Das stimmt, aber weit weg von unserem Höchststand sind wir nicht mehr. Wir hatten 1999 noch knapp 50.000 Mitglieder. Aber in der Regierungszeit haben wir, gerade wegen der Entscheidungen rund um die ersten Auslandseinsätze der Bundeswehr Mitglieder verloren. Das war keine einfache Zeit – aber wir haben uns diese Entscheidungen auch nie leicht gemacht und die Debatten immer offen und vor allem extrem streitfreudig ausgetragen. Es konnte also jeder sehen, wie hart bei uns an Entscheidungen gearbeitet wird. Und viele Mitglieder, sicher nicht alle, die damals ausgetreten sind, sind auch wieder zurückgekommen. Weil sie sehen, dass wir immer noch die beste aller Partei sind.

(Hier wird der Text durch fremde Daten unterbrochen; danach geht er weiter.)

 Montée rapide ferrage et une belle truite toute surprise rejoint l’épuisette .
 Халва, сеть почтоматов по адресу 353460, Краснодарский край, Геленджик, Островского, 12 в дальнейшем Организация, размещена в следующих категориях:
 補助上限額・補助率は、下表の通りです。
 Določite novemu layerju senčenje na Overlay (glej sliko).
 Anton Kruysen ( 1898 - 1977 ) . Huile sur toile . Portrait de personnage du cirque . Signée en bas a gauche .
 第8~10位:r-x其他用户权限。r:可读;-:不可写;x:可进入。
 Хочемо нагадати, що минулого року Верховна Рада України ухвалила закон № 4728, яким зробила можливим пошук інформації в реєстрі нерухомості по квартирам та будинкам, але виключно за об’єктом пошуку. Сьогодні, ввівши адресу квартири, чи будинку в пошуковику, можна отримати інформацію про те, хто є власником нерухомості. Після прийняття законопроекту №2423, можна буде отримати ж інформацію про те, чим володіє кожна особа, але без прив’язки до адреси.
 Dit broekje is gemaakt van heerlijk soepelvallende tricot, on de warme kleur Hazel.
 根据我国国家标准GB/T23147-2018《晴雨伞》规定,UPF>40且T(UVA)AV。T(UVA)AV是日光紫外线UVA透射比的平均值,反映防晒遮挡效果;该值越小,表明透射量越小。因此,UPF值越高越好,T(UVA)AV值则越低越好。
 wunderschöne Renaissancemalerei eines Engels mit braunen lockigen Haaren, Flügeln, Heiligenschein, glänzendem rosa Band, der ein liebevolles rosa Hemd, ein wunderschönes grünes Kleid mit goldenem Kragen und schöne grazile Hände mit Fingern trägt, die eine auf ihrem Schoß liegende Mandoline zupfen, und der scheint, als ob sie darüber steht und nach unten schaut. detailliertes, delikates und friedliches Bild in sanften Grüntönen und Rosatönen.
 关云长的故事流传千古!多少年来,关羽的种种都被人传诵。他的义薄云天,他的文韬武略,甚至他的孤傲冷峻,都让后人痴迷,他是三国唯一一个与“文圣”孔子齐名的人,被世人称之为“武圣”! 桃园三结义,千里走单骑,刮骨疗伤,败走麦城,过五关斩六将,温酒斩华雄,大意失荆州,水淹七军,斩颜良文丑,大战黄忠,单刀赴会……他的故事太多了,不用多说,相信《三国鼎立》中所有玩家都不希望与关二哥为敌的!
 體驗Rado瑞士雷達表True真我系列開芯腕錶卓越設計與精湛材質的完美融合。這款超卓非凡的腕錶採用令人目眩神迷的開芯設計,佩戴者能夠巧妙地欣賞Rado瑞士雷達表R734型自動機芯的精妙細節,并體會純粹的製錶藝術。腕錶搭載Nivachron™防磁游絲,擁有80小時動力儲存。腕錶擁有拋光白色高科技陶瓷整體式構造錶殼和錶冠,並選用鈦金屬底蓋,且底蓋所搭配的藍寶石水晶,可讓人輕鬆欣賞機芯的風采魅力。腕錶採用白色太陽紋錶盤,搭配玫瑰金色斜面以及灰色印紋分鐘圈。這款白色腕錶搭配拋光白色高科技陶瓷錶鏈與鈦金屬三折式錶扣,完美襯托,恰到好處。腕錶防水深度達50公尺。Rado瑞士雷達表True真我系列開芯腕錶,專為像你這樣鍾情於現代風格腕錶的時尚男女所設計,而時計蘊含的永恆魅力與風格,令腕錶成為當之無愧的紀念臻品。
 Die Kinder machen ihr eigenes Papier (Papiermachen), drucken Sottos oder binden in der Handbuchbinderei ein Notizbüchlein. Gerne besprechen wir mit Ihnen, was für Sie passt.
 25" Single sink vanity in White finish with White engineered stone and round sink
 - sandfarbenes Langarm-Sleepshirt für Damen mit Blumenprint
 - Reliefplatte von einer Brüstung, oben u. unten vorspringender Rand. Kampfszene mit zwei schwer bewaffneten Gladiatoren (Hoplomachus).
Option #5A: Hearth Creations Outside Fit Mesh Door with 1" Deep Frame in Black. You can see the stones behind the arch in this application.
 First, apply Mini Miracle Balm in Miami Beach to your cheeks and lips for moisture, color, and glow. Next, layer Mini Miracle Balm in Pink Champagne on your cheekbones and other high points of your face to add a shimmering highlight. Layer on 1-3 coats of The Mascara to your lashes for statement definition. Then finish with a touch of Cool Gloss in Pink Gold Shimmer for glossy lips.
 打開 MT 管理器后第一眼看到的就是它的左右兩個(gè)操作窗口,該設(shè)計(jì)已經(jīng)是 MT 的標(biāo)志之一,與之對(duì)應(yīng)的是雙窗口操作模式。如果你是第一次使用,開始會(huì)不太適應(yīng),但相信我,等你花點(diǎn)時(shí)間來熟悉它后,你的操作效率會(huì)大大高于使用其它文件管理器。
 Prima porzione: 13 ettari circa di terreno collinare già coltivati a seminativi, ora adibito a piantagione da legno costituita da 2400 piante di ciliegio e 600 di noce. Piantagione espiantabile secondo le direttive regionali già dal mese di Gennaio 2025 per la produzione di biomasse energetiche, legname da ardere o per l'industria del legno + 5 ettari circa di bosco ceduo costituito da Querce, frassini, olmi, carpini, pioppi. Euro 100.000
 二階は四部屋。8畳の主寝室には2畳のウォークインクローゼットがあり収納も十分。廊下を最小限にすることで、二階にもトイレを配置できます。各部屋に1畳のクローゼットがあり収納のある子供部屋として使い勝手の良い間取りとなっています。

Stell Dir doch mal bitte das typische Grünen-Mitglied vor. Wie sieht er oder sie aus?
Das typische Grünen-Mitglied gibt es nicht. Wir sind sehr verschieden, aber uns verbinden gemeinsame Anliegen. Wie zum Beispiel die Sorge um die Zukunft unseres Planeten und der Kampf gegen Atomkraft. Grüne Mitglieder machen sich stark gegen den Klimawandel und gegen soziale Ungerechtigkeiten. Am Ende sind es gemeinsame Werte, die uns verbinden. Werte wie Solidarität und Verantwortung für kommende Generationen, Gleichberechtigung und Freiheit.
Ich finde übrigens am spannendsten, dass die neuen Mitglieder überdurchschnittlich jung sind. Wir sind die im Durchschnitt jüngste Partei im Bundestag, aber die Neumitglieder sind durchschnittlich nochmal 10 Jahre jünger. Damit verändert sich vieles. Und das macht unsere Partei so spannend!